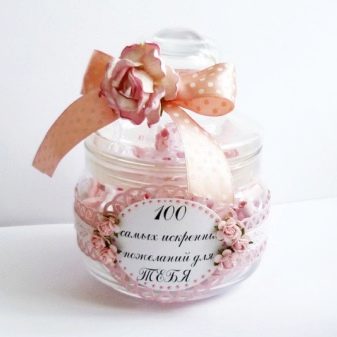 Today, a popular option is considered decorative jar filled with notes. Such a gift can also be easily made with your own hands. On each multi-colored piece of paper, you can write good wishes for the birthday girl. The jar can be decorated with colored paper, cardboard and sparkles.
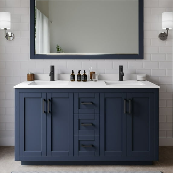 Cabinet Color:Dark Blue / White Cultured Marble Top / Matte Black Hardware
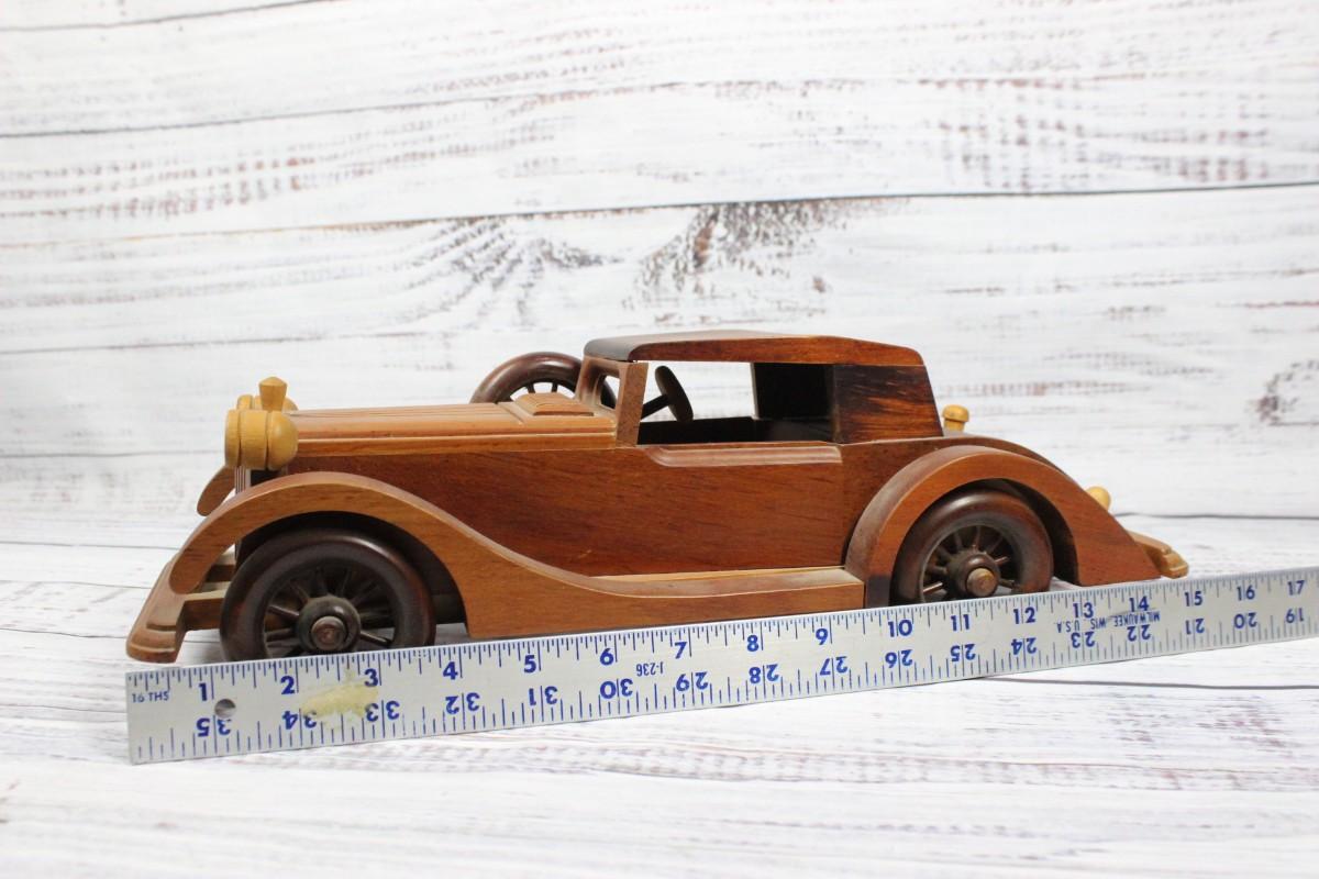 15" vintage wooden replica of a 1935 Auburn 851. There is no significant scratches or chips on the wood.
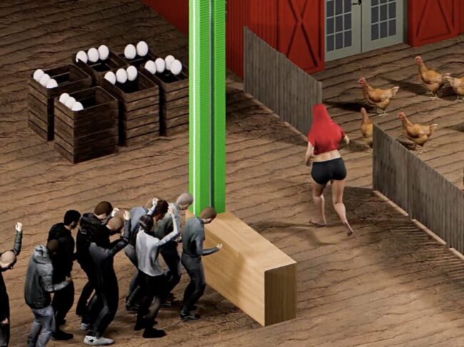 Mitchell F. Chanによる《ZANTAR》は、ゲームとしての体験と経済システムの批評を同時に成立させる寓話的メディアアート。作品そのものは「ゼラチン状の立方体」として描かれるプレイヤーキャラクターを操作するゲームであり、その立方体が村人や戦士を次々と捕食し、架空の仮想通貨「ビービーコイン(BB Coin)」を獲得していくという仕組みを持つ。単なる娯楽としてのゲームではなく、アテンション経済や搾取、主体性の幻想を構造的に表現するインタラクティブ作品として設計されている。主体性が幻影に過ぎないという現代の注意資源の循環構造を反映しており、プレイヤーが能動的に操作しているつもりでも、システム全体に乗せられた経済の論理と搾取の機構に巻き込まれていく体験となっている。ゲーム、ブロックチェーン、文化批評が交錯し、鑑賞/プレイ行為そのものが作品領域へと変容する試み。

# # # #

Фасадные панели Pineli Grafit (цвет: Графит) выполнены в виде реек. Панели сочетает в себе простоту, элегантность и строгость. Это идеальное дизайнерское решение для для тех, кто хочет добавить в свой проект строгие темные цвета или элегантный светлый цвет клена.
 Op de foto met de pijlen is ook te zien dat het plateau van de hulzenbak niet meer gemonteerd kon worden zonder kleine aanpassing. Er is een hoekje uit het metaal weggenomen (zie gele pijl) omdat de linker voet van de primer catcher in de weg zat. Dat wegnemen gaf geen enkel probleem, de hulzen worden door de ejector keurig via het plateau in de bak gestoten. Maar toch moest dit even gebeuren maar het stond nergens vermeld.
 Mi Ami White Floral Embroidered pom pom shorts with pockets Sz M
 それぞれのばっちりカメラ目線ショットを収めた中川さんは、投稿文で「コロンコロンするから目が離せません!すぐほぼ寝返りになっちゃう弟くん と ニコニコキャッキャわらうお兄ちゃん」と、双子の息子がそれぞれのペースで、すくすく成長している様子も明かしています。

# # # #

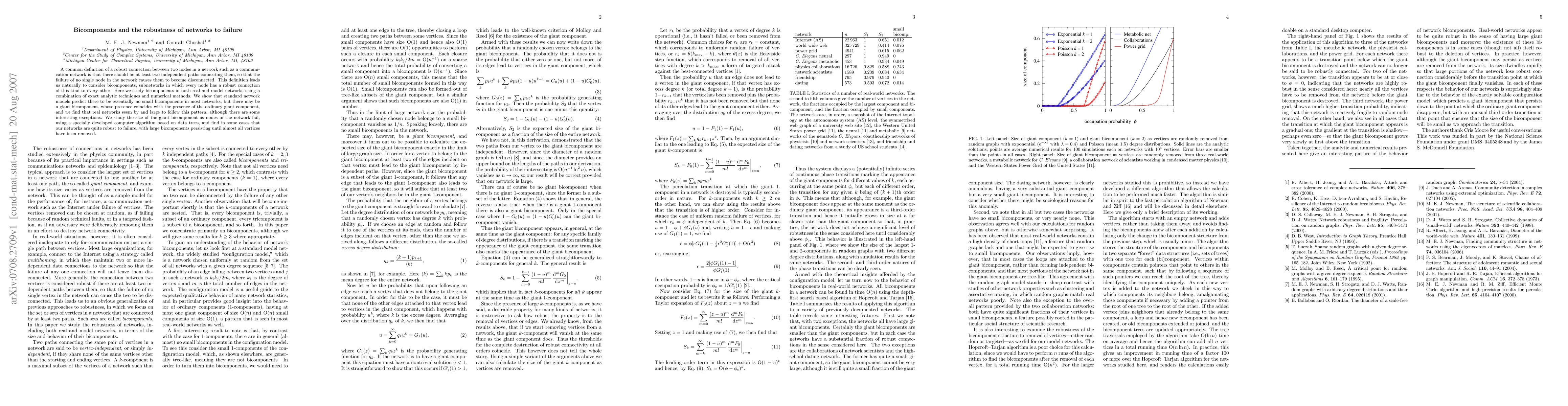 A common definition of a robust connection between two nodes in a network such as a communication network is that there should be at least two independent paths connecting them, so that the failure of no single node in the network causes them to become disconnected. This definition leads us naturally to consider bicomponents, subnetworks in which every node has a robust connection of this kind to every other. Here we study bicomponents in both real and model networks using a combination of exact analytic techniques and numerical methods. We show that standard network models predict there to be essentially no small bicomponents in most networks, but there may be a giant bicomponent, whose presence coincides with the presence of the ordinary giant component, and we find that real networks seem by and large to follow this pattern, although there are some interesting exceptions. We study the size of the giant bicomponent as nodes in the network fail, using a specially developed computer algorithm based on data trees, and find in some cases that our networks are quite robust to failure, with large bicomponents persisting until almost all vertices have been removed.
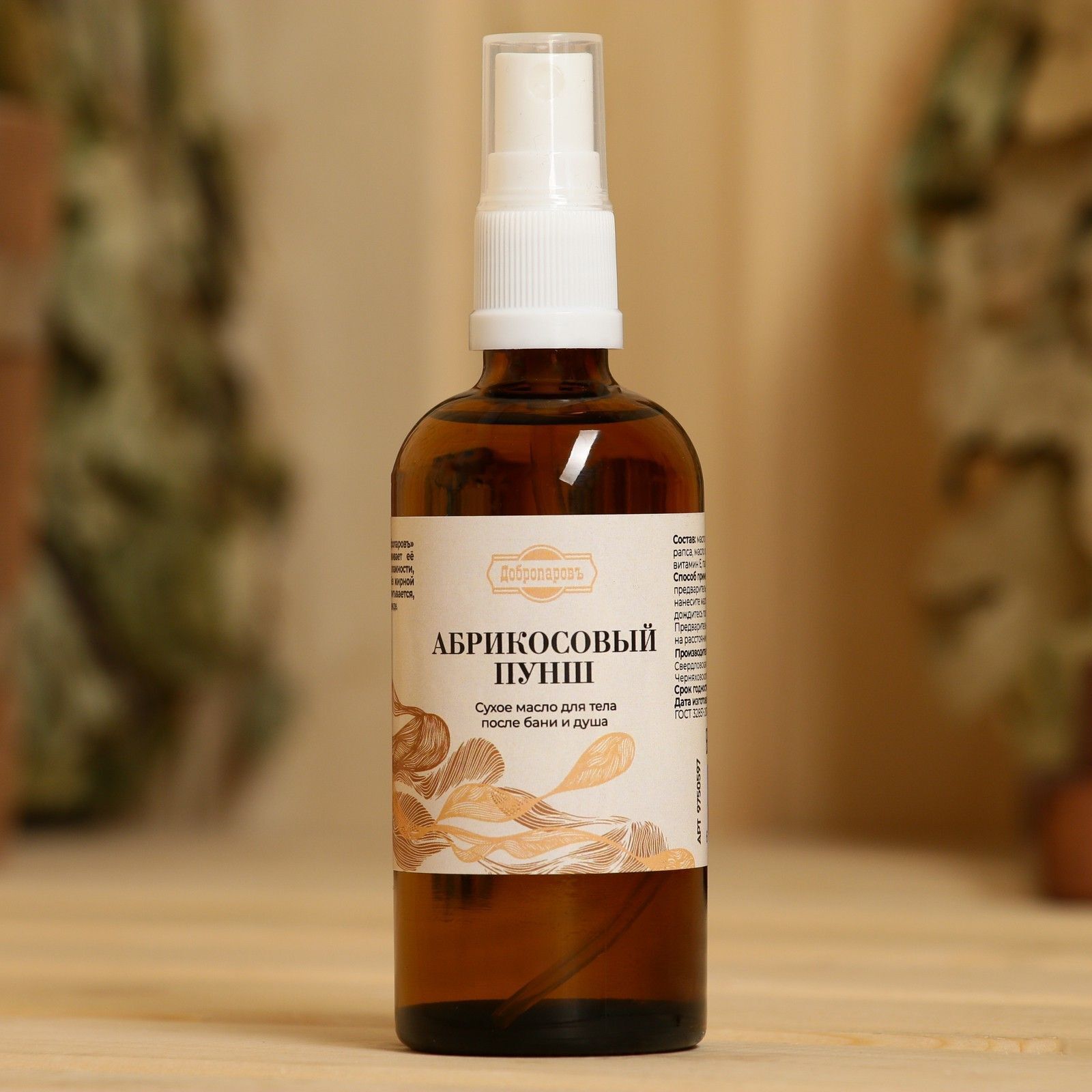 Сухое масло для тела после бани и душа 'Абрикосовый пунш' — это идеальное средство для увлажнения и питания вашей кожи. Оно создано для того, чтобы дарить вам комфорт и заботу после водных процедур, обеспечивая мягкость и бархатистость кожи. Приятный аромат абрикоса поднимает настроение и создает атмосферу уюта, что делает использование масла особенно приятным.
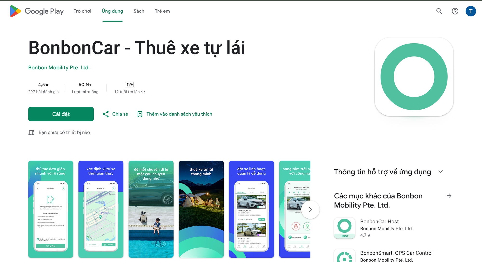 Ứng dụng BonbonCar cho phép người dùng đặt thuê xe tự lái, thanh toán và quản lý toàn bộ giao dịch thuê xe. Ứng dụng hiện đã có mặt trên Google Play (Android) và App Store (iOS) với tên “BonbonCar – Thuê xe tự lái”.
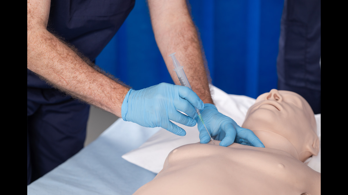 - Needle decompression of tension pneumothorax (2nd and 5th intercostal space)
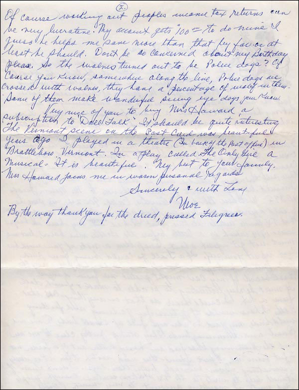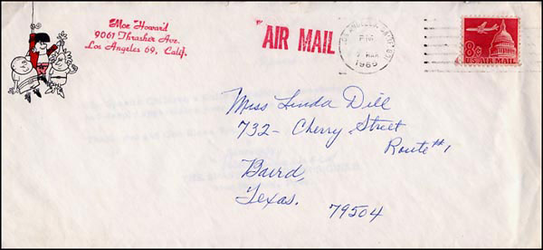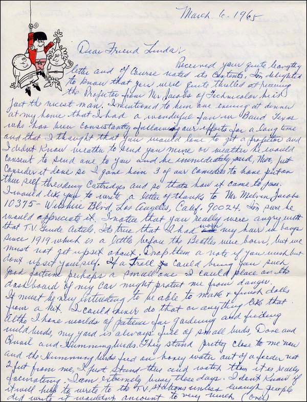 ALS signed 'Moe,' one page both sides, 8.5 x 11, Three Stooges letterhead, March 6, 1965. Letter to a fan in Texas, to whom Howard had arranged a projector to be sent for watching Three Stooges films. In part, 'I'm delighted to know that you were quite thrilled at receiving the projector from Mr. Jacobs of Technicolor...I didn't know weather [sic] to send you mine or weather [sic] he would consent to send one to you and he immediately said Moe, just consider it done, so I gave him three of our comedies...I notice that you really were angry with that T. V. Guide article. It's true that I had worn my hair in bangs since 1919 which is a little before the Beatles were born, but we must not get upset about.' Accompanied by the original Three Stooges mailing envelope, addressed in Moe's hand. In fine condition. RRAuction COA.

# # # #

WHAT THE EXERCISE ASKS |
Print exactly the lines above that run from the one with "Сухое масло для" down to the one with "- Needle decompression", and omit the pictures.

WRITTEN SOLUTION |
 Сухое масло для тела после бани и душа 'Абрикосовый пунш' — это идеальное средство для увлажнения и питания вашей кожи. Оно создано для того, чтобы дарить вам комфорт и заботу после водных процедур, обеспечивая мягкость и бархатистость кожи. Приятный аромат абрикоса поднимает настроение и создает атмосферу уюта, что делает использование масла особенно приятным.
 Ứng dụng BonbonCar cho phép người dùng đặt thuê xe tự lái, thanh toán và quản lý toàn bộ giao dịch thuê xe. Ứng dụng hiện đã có mặt trên Google Play (Android) và App Store (iOS) với tên “BonbonCar – Thuê xe tự lái”.
 - Needle decompression of tension pneumothorax (2nd and 5th intercostal space)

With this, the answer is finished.